- Born: March 13, 1963 (age 62) Kanagawa Prefecture, Japan
- Occupation: Linguist

Academic background
- Alma mater: Waseda University

Academic work
- Discipline: Linguistics
- Sub-discipline: Chinese dialectology

= Hiroyuki Akitani =

Japanese Chinese linguist

Hiroyuki Akitani (秋谷 裕幸 / あきたに ひろゆき, Akitani Hiroyuki) is a Japanese linguist who specializes in Chinese dialectology and phonology.

== Early life and education ==
Hiroyuki Akitani was born in Kanagawa Prefecture on 13 March 1963. He graduated from the Department of Literature at Waseda University in 1985. In 1988, he graduated from the Department of Literary Studies at Waseda University in 1988, and was promoted to the Department of Humanities Studies at Tokyo Metropolitan University in 1993.

== Career ==
Akitani has been teaching at the Faculty of Law and Letters of Ehime University since 1996. He is currently serving as the director of the Japanese Chinese Language Society and is also the chairman of the Academic Outlook Editorial Committee.

== Research ==
Hiroyuki Akitani mainly studies the history of Chinese phonology and vocabulary.

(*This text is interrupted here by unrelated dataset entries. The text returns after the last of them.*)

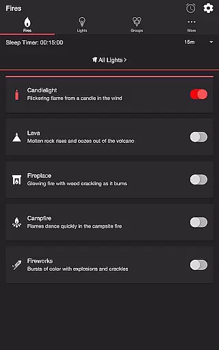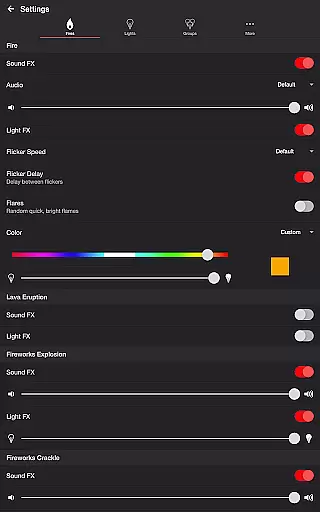Firestorm for Hue stands out with its comprehensive feature set tailored for creating dynamic lighting experiences. The app includes five distinct fire presets - Candlelight, Lava, Fireplace, Campfire, and Fireworks - each offering unique audio-visual effects.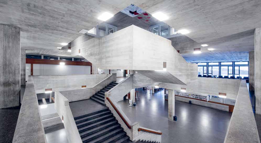 Campus: Inklusiv und Netto-Null Was in Lehre und Forschung entsteht, spiegelt sich auch im Campusbetrieb wider. Die HSG arbeitet konsequent an ihrer Vision eines Netto-Null-Campus. Einige wichtige Schritte zur Erreichung ihrer Nachhaltigkeitsziele hat die HSG mit modernisierter Gebäudetechnik, der Umstellung auf 100 % Wasserkraftstrom, der Installation von Solaranlagen, biodiversitätssensiblen Grünflächen sowie einem barrierefreien Ausbau neuer Gebäude schon getan. Mit dem geplanten Campus Platztor «Tsumiki» entsteht zudem ein Leuchtturmprojekt für Bauen im postfossilen Zeitalter – ein baulicher Ausdruck der strategischen Ziele der Universität.
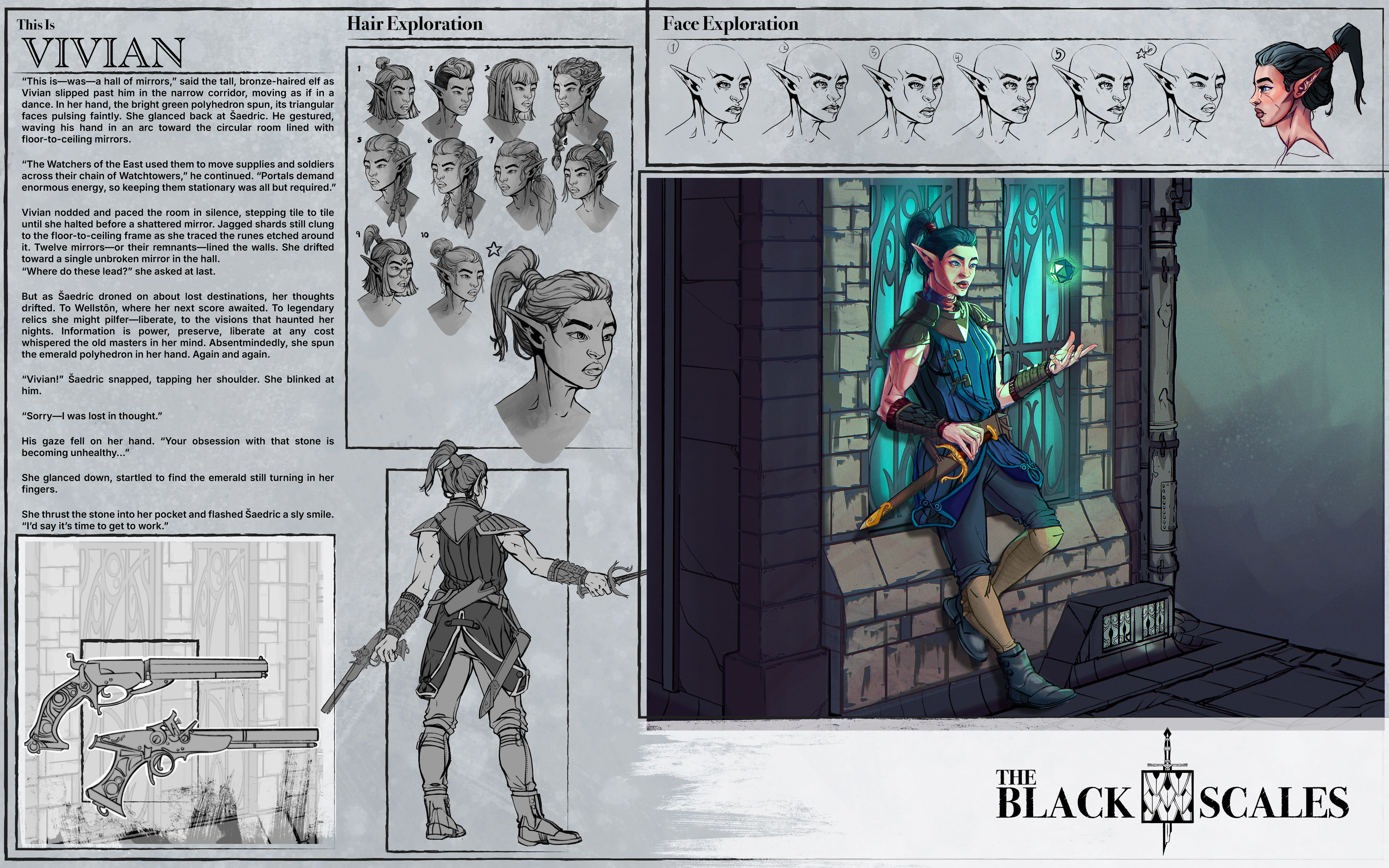 This piece is part of my ongoing fantasy worldbuilding project, exploring the Black Scales thieves’ guild and its colorful rogues. My goal with Vivian was to combine expressive character design with narrative-driven illustration, showing not just her look, but her character: the risk, allure, and confidence a master thief such as herself has. She who lives one step ahead of both her rivals and her pursuers.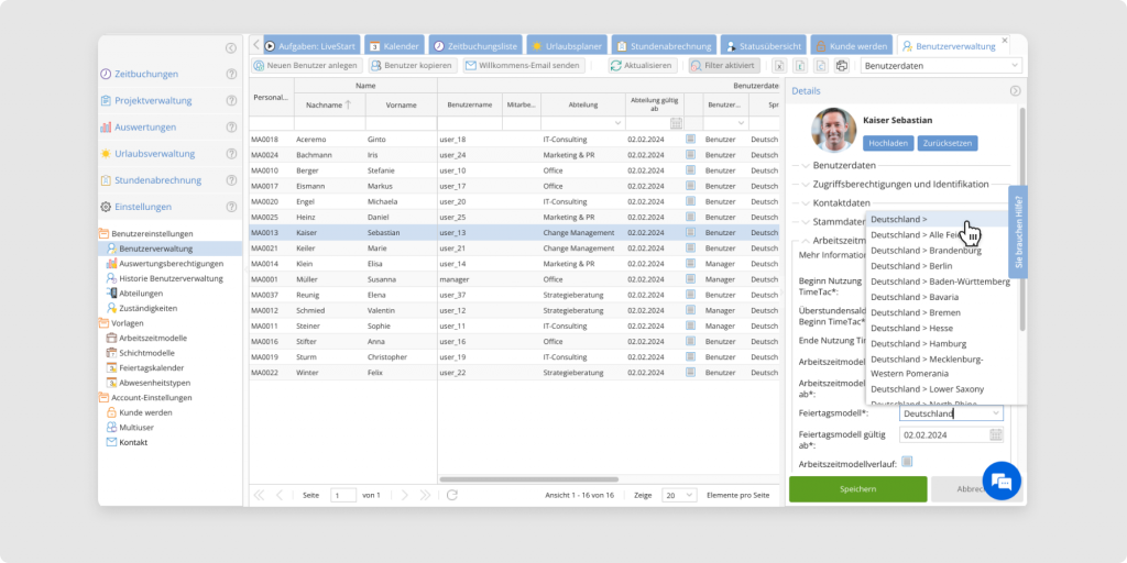 TimeTac stellt für den gesamten EU-Raum und viele weitere Länder einen Feiertagskalender zur Verfügung. Gesetzliche Feiertage, die ausschließlich in einem bestimmten Bundesland oder Kanton gelten, stehen ebenfalls zur Verfügung. Allen Mitarbeitenden kann in der Benutzerverwaltung der passende Feiertagskalender zugewiesen werden. Der Kalender kann auch um nicht gesetzliche Feiertage erweitert werden.
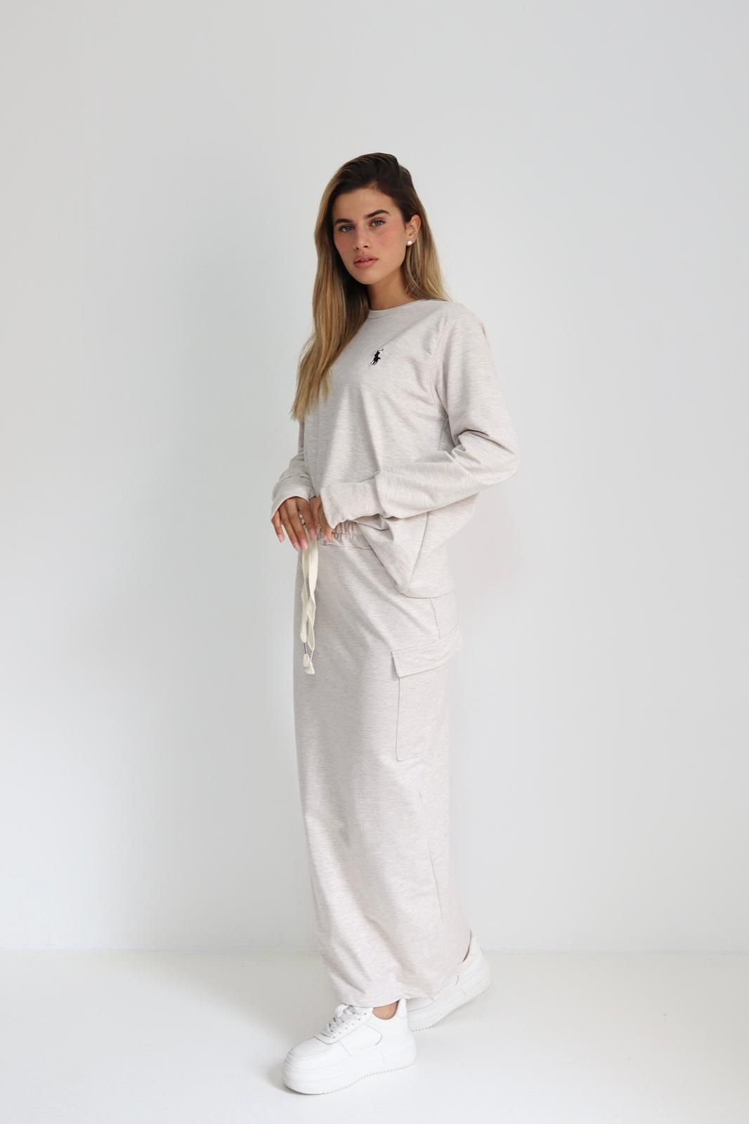 חליפת פרנץ’ טרי עם חצאית דגמ”ח אבן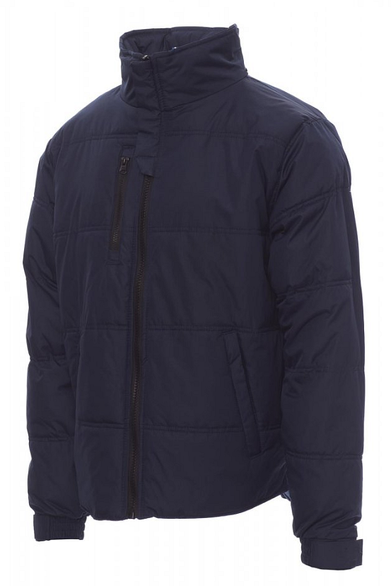 Pánská lehká bunda s 8mm plastovým zipem s kovovým jezdcem, kapuce v límci, stahovací manžety, dvě postranní kapsy na zip, jedna kapsa na hrudi. Vnitřek: zateplení, kontrastní mikroflísový materiál.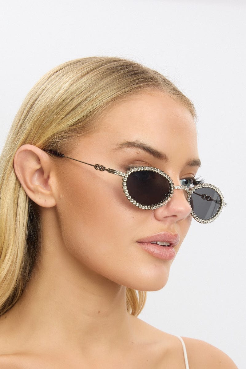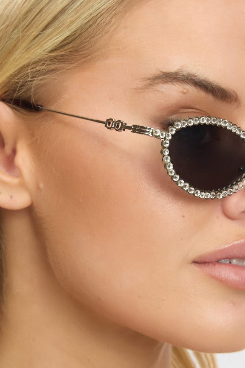 - Oval Shape, Rhinestone Border, Black Tinted Lens, Silver Hardware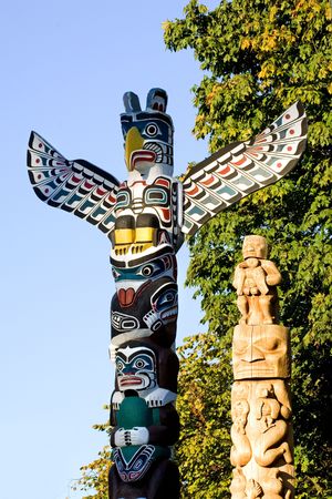 Indian totem poles in Stanley park in Vancouver, Canada.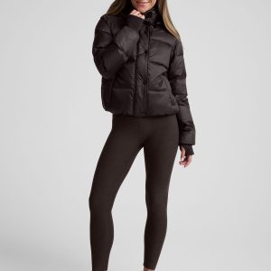 This puffer jacket has side pockets and ribbed sleeve cuffs with thumbholes for when your hands get cold. A hidden interior bungee at waist means you can adjust to an even cozier fit. Oh. and there’s a hood to keep your head warm. too. Clearly we’re fans of staying cozy.

He has performed research on Sinitic languages such as Min Chinese (in Fujian, Guangdong, Zhejiang, Taiwan, etc.), Minxi (闽西, western Fujian) Hakka, Zhenan (浙南, southern Zhejiang) Wu, the Guanzhong dialect (关中片) and Fenhe dialect (汾河片) of Zhongyuan Mandarin, and the Lüliang dialect (晋语吕梁片) of Jin Chinese.

Since 1988, he has researched Eastern Min and Northern Min.